News Bola Daerah Sulawesi Sumatera Jabar Banten Jateng DI Yogya Jatim Bali

China Dukung Sidang Darurat DK PBB soal Penangkapan Presiden Venezuela oleh AS

China dukung sidang darurat DK PBB soal penangkapan Presiden Venezuela oleh AS. Beijing nilai langkah AS langgar hukum internasional.
Selasa, 6 Januari 2026 - 10:30 WIB
Presiden China Xi Jinping berbicara di depan anggota APEC dalam Konferensi Tingkat Tinggi (KTT) ke-30
Sumber :
  • Antara Foto

Jakarta, tvOnenews.com — Pemerintah China secara terbuka menyatakan dukungannya terhadap Dewan Keamanan Perserikatan Bangsa-Bangsa (DK PBB) untuk menggelar sidang darurat menyusul penangkapan Presiden Venezuela Nicolás Maduro oleh pasukan Amerika Serikat. Beijing menilai langkah Washington tersebut sebagai pelanggaran serius terhadap hukum internasional dan kedaulatan negara berdaulat.

Dukungan China disampaikan Juru Bicara Kementerian Luar Negeri China, Lin Jian, dalam konferensi pers di Beijing, Senin (5/1). Menurutnya, DK PBB perlu memainkan peran sesuai mandat Piagam PBB untuk menjaga perdamaian dan stabilitas global.

ADVERTISEMENT

GULIR UNTUK LANJUT BACA

“China mendukung Dewan Keamanan PBB mengadakan pertemuan darurat guna membahas serangan militer Amerika Serikat terhadap Venezuela dan mendukung DK PBB menjalankan perannya sesuai mandat,” ujar Lin Jian.

Sidang darurat DK PBB digelar pada hari yang sama, menyusul meningkatnya ketegangan internasional akibat operasi militer Amerika Serikat yang berujung pada penangkapan Presiden Maduro dan istrinya, Celia Flores. Langkah tersebut langsung menuai kecaman dari sejumlah negara dan pejabat internasional.

Sekretaris Jenderal PBB António Guterres sebelumnya menegaskan pentingnya penghormatan terhadap kedaulatan nasional, kemerdekaan politik, serta integritas teritorial setiap negara. Ia bahkan memperingatkan bahwa tindakan Amerika Serikat berpotensi menciptakan “preseden berbahaya” bagi tatanan dunia internasional.

Namun dalam sidang darurat tersebut, Duta Besar Amerika Serikat untuk PBB, Michael G. Waltz, membela tindakan negaranya. Ia menyebut operasi tersebut sebagai “penegakan hukum yang tepat sasaran” terhadap dua buronan yang dituduh terlibat narko-terorisme, yakni Nicolás Maduro dan Celia Flores.
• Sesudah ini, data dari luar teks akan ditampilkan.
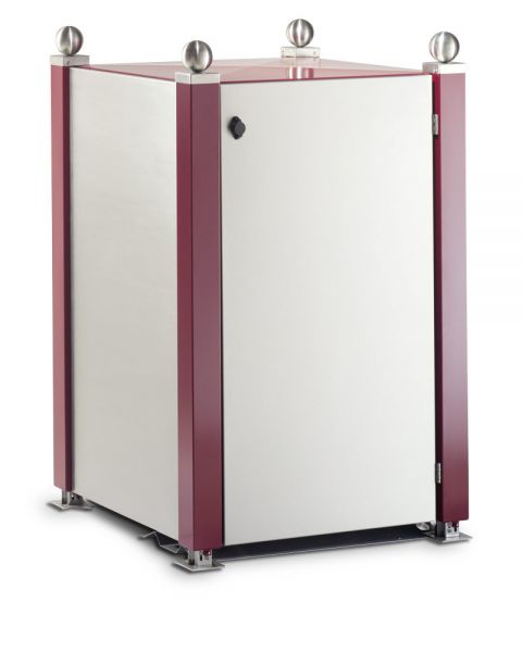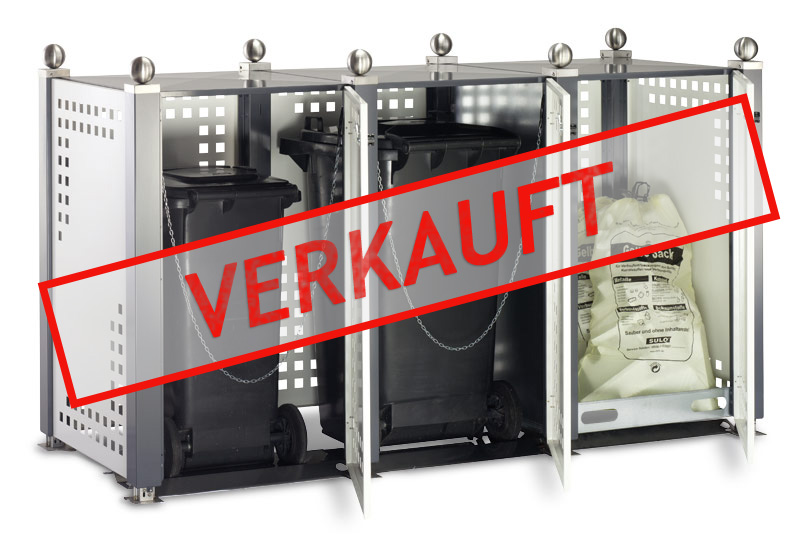 - Ausführung in Edelstahl, für Tonnengröße 240 l, Pfosten rot pulverbeschichtet
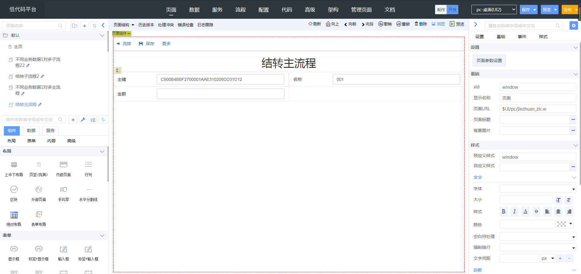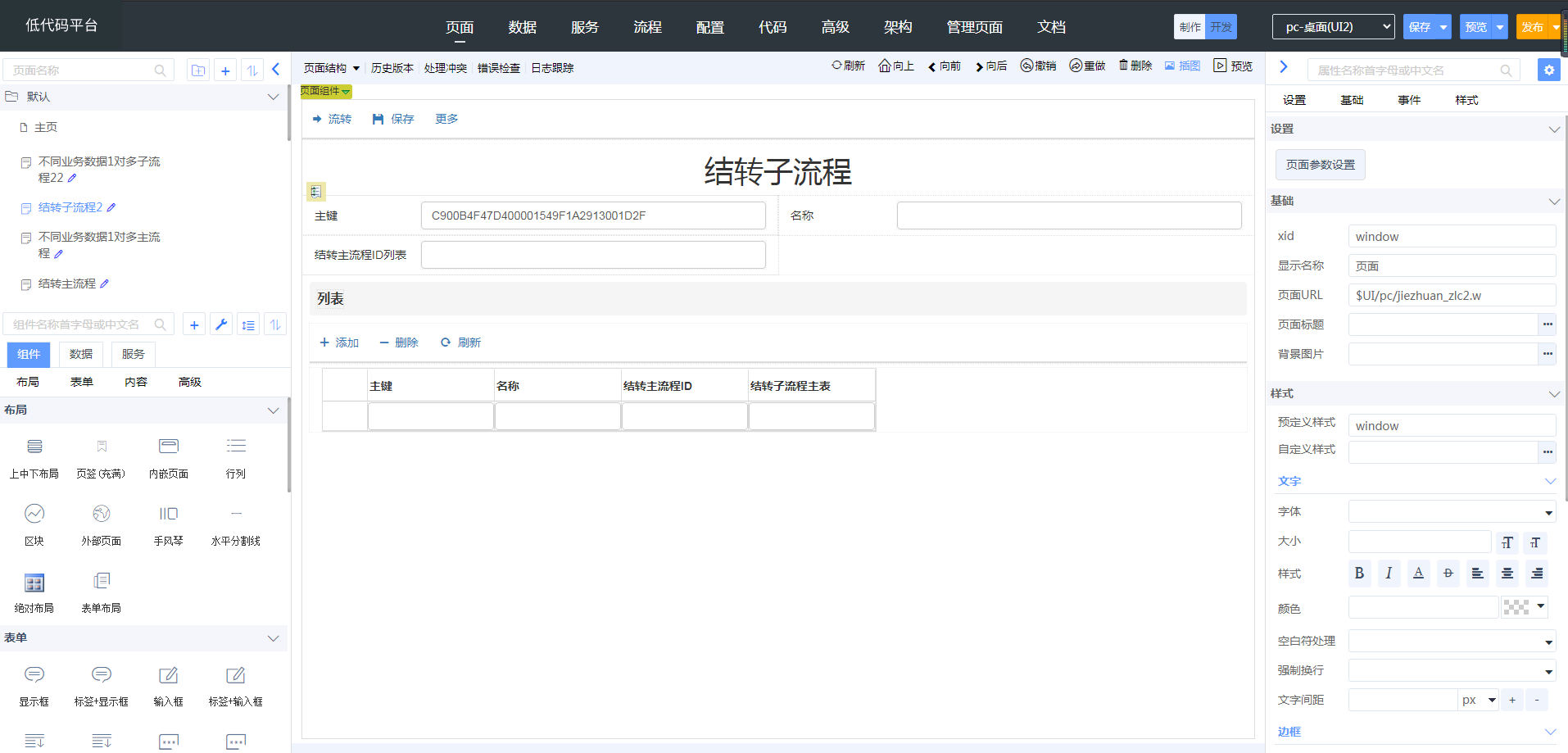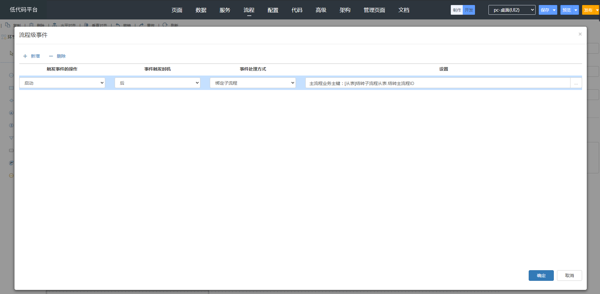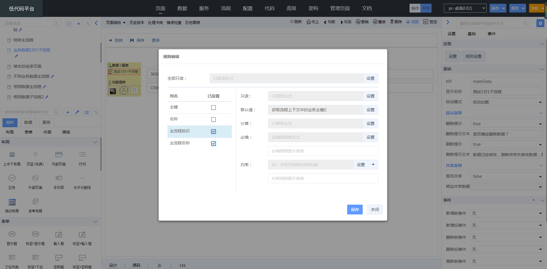 6. 打开子流程的页面,将主数据上用来存储流程上下文业务主键的字段的默认值为:流程组件的"获取流程上下文中的业务主键";子流程启动后,自动获取主流程的业务主键

Waltz menegaskan bahwa operasi itu bukan perang terhadap Venezuela maupun rakyatnya. Ia membandingkan penangkapan Maduro dengan penangkapan mantan pemimpin militer Panama, Manuel Noriega, pada tahun 1989. AS bahkan menyebut Maduro sebagai pemimpin “organisasi teroris asing” yang diduga memiliki keterkaitan dengan jaringan perdagangan narkotika internasional.

ADVERTISEMENT

GULIR UNTUK LANJUT BACA

Menanggapi pernyataan tersebut, China menyampaikan keprihatinan mendalam atas penangkapan paksa Presiden Venezuela dan istrinya. Beijing menilai tindakan AS telah melanggar norma dasar hubungan internasional serta tujuan dan prinsip Piagam PBB.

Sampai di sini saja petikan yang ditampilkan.